The math behind Markov Chains can be intimidating but the basic idea is not. Imagine we have a system with two or more states. At a given time it is possible that the system will change from being in state A to being in state B or remaining in state A. For example a sleeping baby may continue to sleep or may wake up. There is a probability associated with each transition, in the diagram below there is a probability of 0.8 that when the system is in state A it will change to state B and a probability of 0.2 that it will remain in state A. And when in state B there is a probability of 0.3 that it will remain in B and 0.7 that it will return to state A.

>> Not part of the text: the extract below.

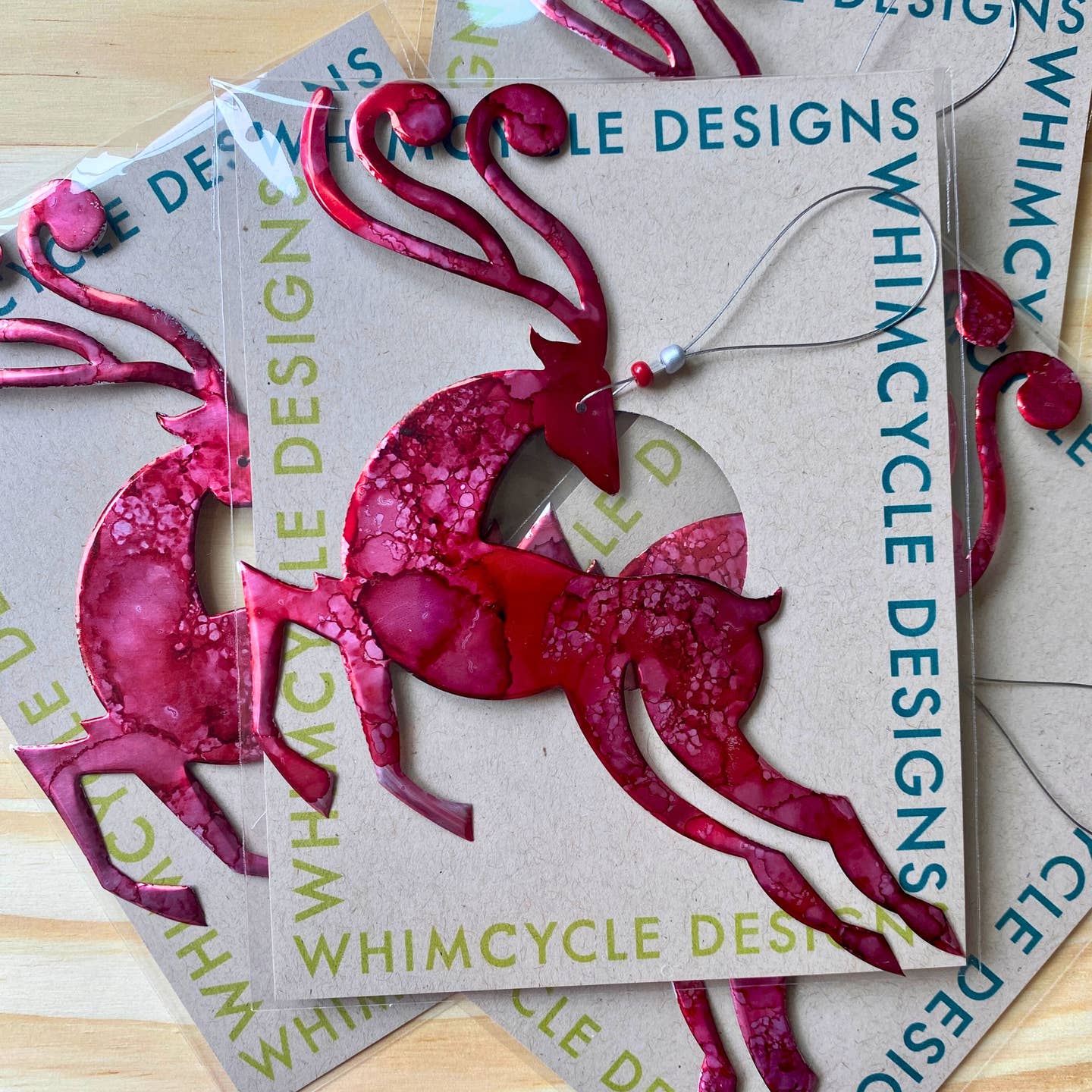 This red Reindeer looks to us like he’s checking to see if the sleigh is still back there.
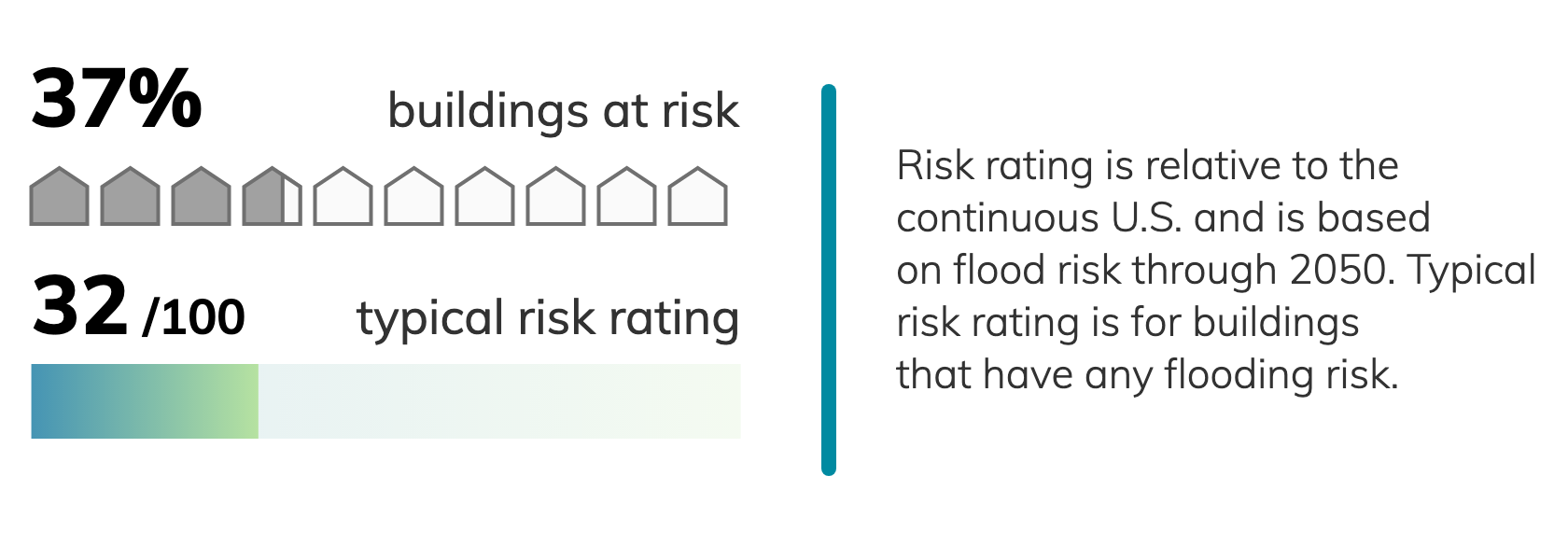 Buildings at risk in Jacksonville average about a 35% chance of a flood about 1.0 feet deep over 30 years.

Markov chains can be used to take words or n-grams and build tweets. Given a dataset of actual tweets the code starts with a word or n-gram chooses the most probable word or n-gram to follow and continues. The following code will generate some Trump-like tweets. Most of the tweets will not make sense because they are just semi-random collections of words and phrases.
import pandas as pd
with open('trumptweets.txt') as ip_file:
text = ip_file.read()
text_model = markovify.Text(text, state_size=2)
for i in range(5):
I used a dataset of Trump tweets available on Kaggle and combined it with some up to date tweets I scraped from his Twitter account. Some example output:
Give Trump lemons and he thanks me!
Disgrace I spoke with other countries where we just had the worst performing stocks on the cover.
No one has worse judgement than Hillary has bad judgement.
#ICYMI- watch this afternoons rally here:_ Thank you for coming!